Many people are confused about which risk group they fall into, due to the varied information available. A large number of people were contacted by the NHS telling them to practice shielding, but not everyone needed to. The NHS have released a statement explaining that "our aim has been to contact the most people as soon as possible, with the risk that we would also include a small number of individuals who do not need to use social shielding." Therefore you may have received a letter even if you don't need to shield. 

You may have received a letter because they were sent to a large number of patients who take immunosuppressants, regardless of what condition they have or what dosage they take. This precaution was taken to protect as many people as possible, but the dosages of immunosuppressants given to Crohn's and Colitis patients do not automatically put people at high risk. 

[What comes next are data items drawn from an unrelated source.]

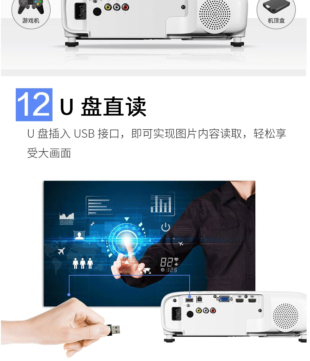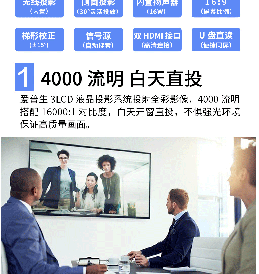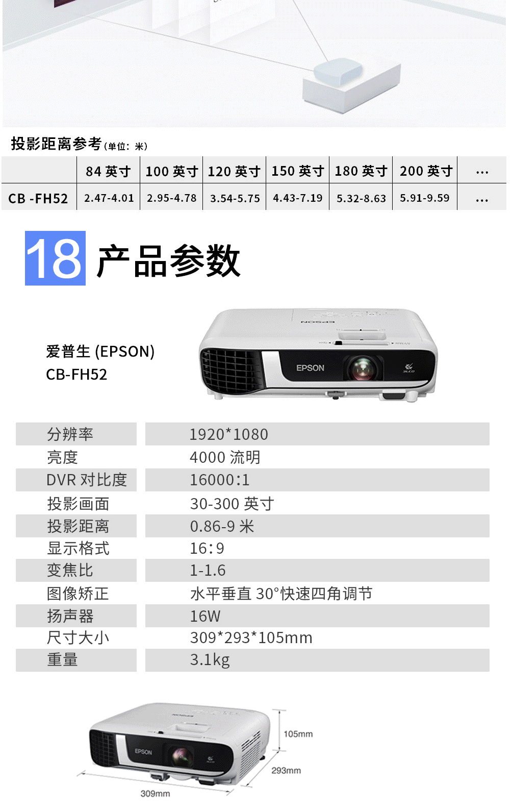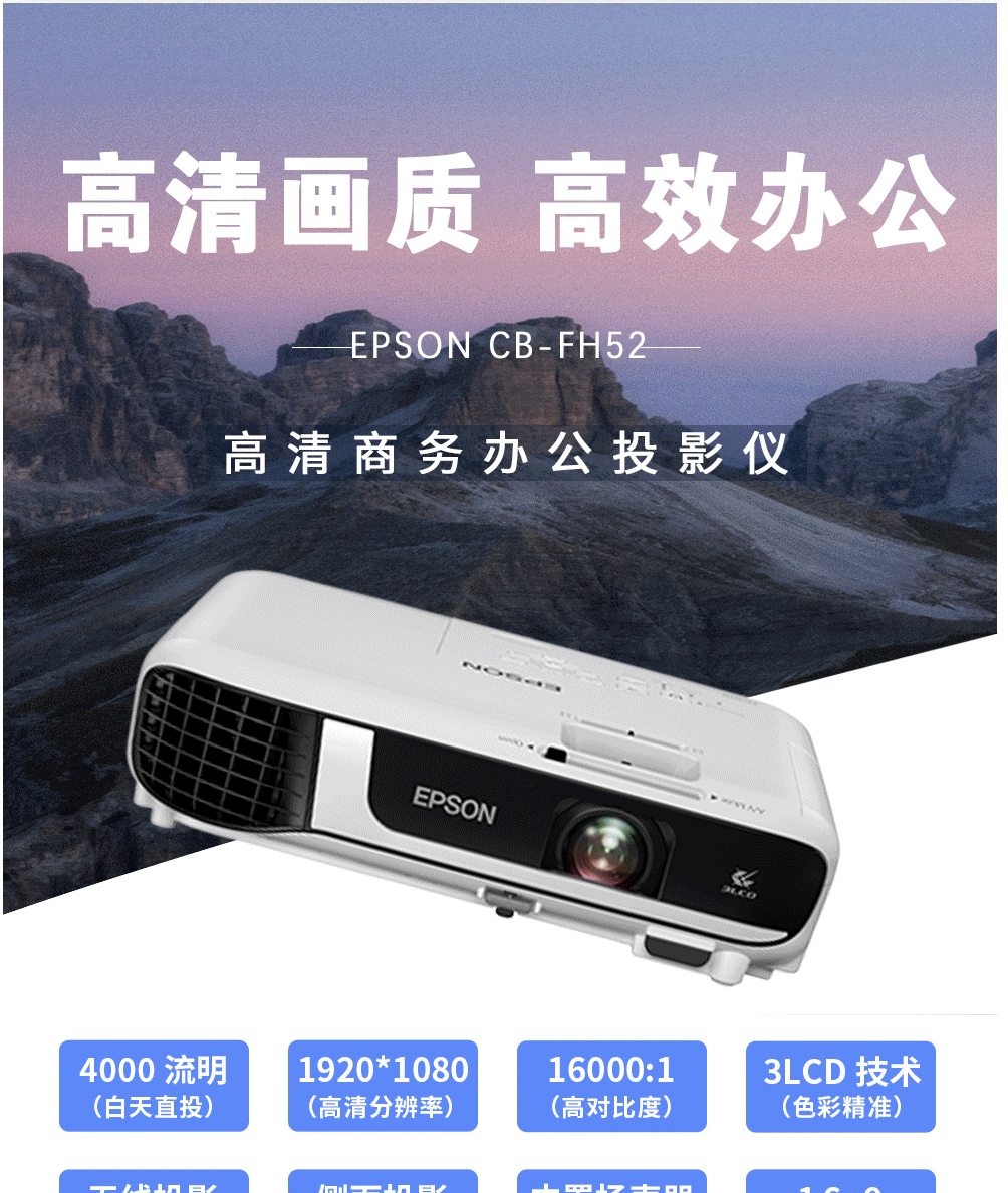 爱普生(EPSON)CB-FH52 投影仪 投影机(1080P全高清 4000流明 1.6倍变焦)投影
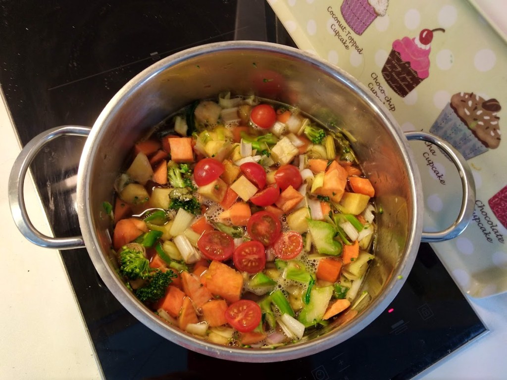Bataatti ei ole kuulunut lempijuureksiini makeutensa vuoksi, mutta päätin antaa sille mahdollisuuden. Kokkasin kasviskeiton, johon käytin otsikkokuvan aineksia. Ostin juureskuutiot valmiina, sillä se säästi aikaa ja vaivaa.
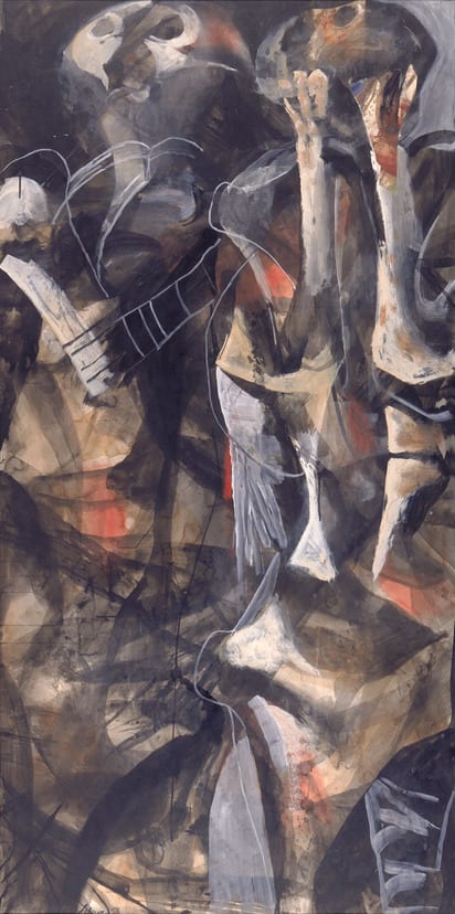Lebrun drew inspiration for his work from four photographs published in U.S. Camera Annual 1946. Along with many drawings, the paintings were made between 1955-1959, and titled after the camps or more generally as images of war, victims, and death. The artist's approach depended upon his powers of draughtsmanship and knowledge of the human figure. Lebrun was inspired by old and modern masters, among them the trecento Pisan painter, Francesco Traini and Pablo Picasso.
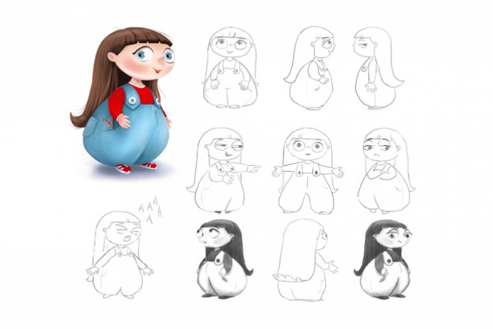 Дизайн персонажа девочки, изображение героя в разных позах и с разными эмоциями.

The list of who needs to shield hasn't been updated for everyone. Specialty advice continues to be that if you have Crohn's or Colitis, are well, and taking an immunosuppressant such as azathioprine, you should regard yourself to be in the Moderate Risk Group. There may be other factors that mean you are in the Higher Risk Group - check your risk level on our decision tree

If you still feel you are at a higher risk, you should continue to take all possible precautions to ensure your safety and speak to your IBD team.


I'm at high risk but didn't receive a letter from the NHS

If you feel you are at a high risk, you should continue to take all possible precautions to ensure your safety and speak to your IBD team.

We know that some employers will only accept NHS letters as evidence that you are higher risk. We've created a letter of support you can use to help talk to your employer about why you're at risk.